Domestically, foster care is used as a means to adopt, where states have been incentivized to remove children and terminate parental rights which makes them eligible for adoption. Again, this is due to the industry and practices of recruitment, supply and demand, and sustainability of a waning human market.
The majority of laws and policies are focused on making these practices more streamlined and ethical. Curious why this is an issue when it comes to child protection and child welfare, especially since it has been well documented for generations. Books like The Child Catchers, The Girls Who Went Away, American Baby, Relinquished among others have brought up adoption as an industry in great detail.
The problem that remains is how the US continues to be a stronghold for the industry. Those in leadership positions have used pro-industry propaganda: “adoption is an option” and “best interest of the child because it gives them a better life” – continuing to conflate adoption with the industry and its criminal practices.
I have been saying that we need to call it for what it really is… only then can we begin to offer solutions. The first step to problem solving is identifying the problem. To your point, adoption is not the problem, it’s how adoptions are being conducted. Removing children from living parents and relatives through force, threat of force, abduction, kidnapping, coercion, deception, falsifying documents, transporting and “rehoming” and exploitation for profit are all elements of another term: trafficking. Sadly, the vast majority simply refuse to acknowledge this despite the overwhelming evidence. Even with admitting the truth, people argue “but not all adoptions are trafficking” – but we’re no longer talking about adoptions at this point are we?

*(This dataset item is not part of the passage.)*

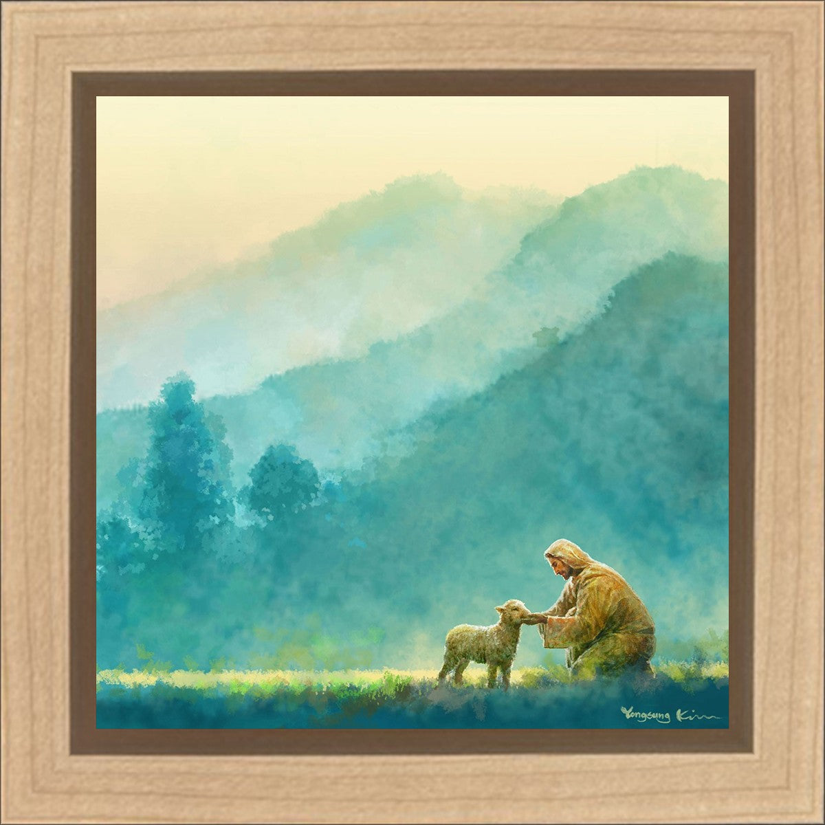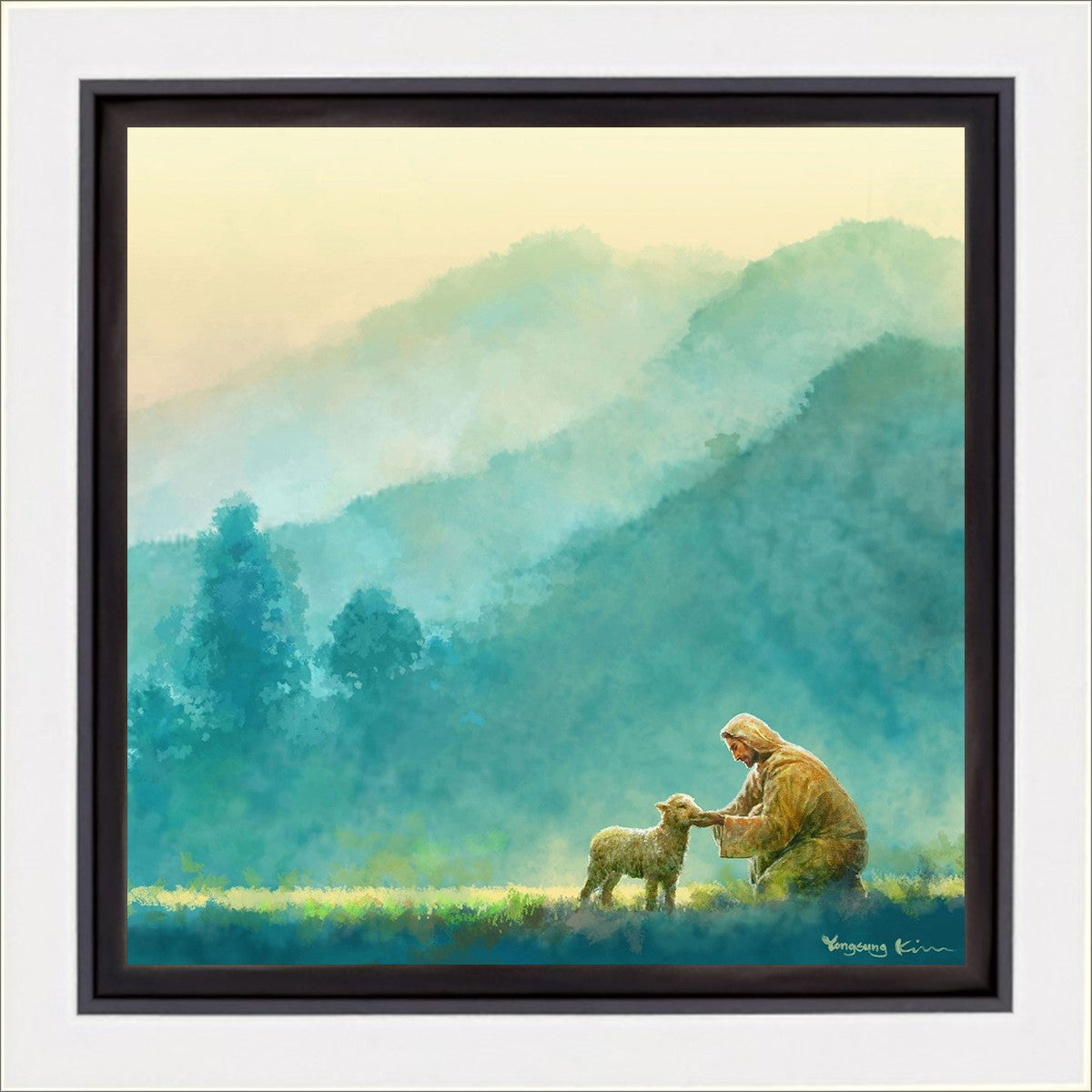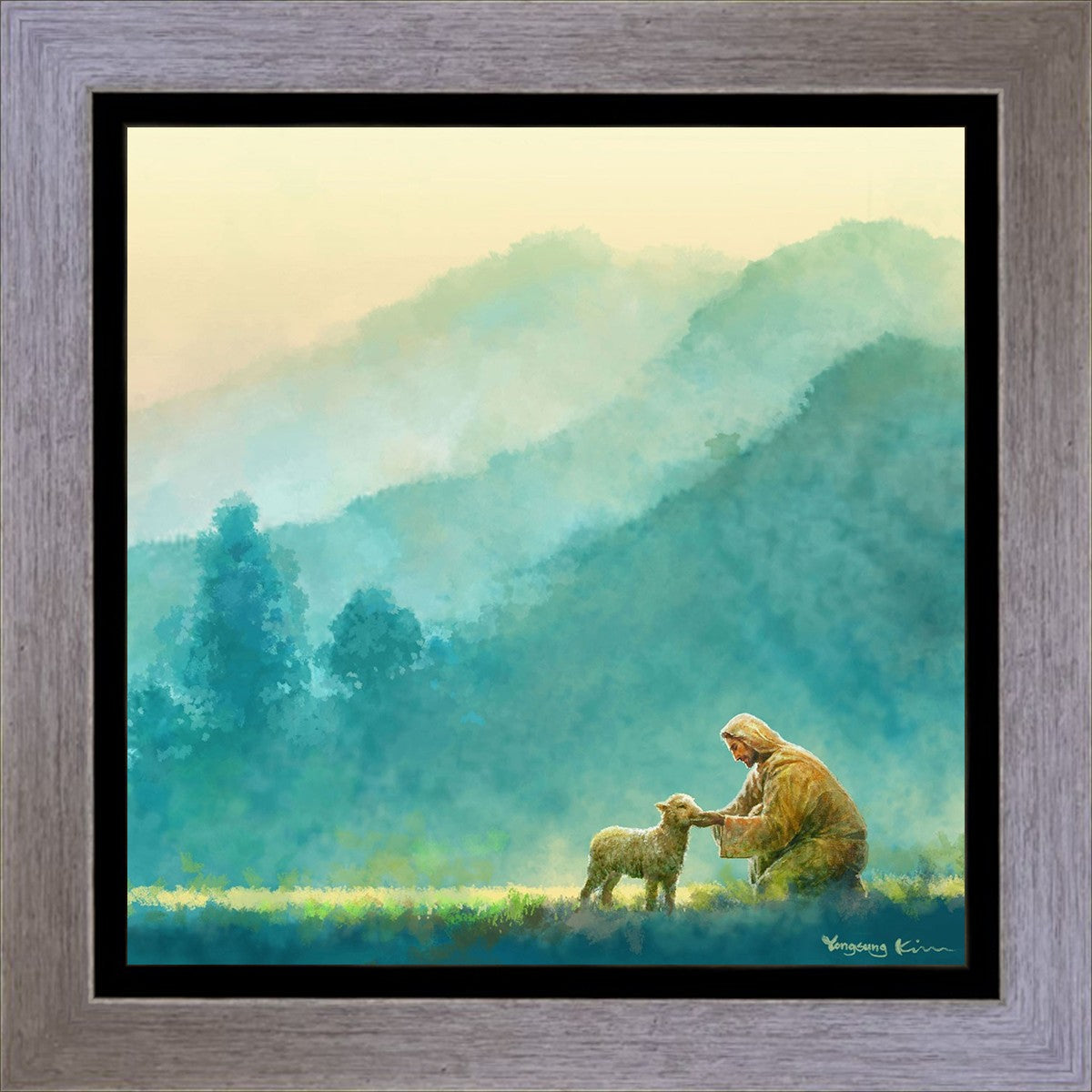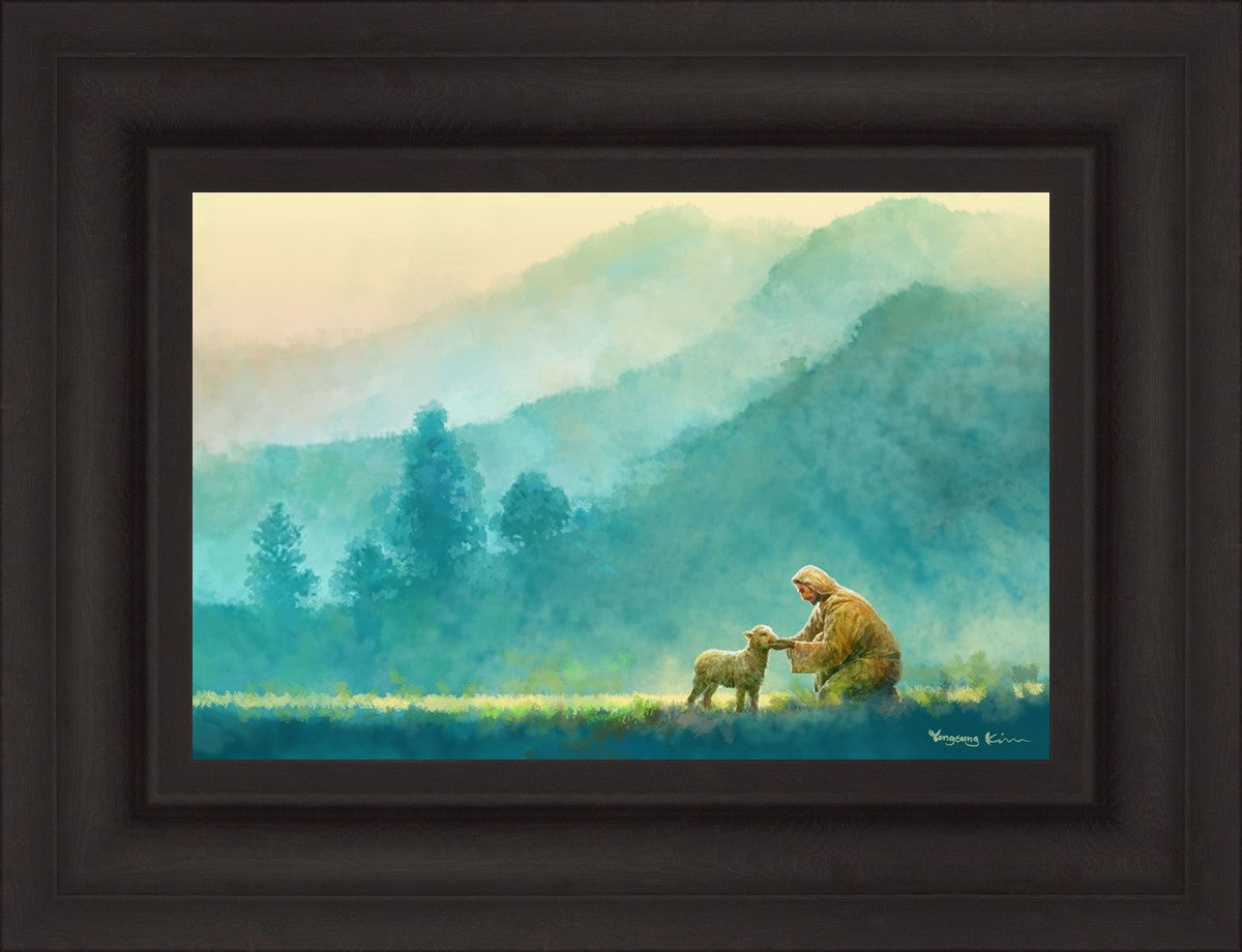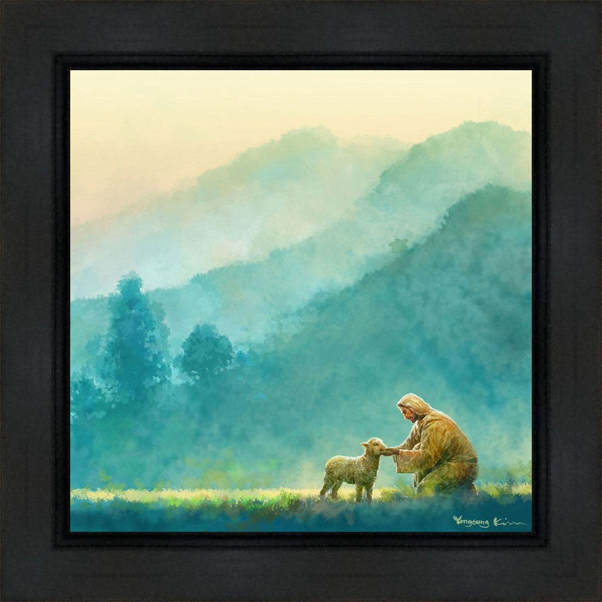 "Little One" by Yongsung Kim is a painting showcasing Jesus Christ tenderly caring for a lost lamb in a vast field, symbolizing His role as the Good Shepherd. This captivating artwork by Yongsung Kim captures the essence of divine care and compassion, for each and every member of His flock.

I want also to share this from a kinship adoptive parent – I feel like a lot of this comes from our consumer mentality (as a nation). Because we’re such capitalists, we think that money is what makes one home better than another. Instead of supporting mothers who are struggling, we often perpetuate the lie that their child will be better with someone who can afford to give them more. So little of the industry centers around children and what’s best for them. Over and over, studies show that mom/family is best whenever possible, but our foster and adoption system don’t follow science.
The adoptee above responded to this with – children (born and unborn) are the focus of the industry as the products/commodities it’s selling. The propaganda diverts attention from this crime by focusing on the buyers and making it into a human rights issue of reproductive rights.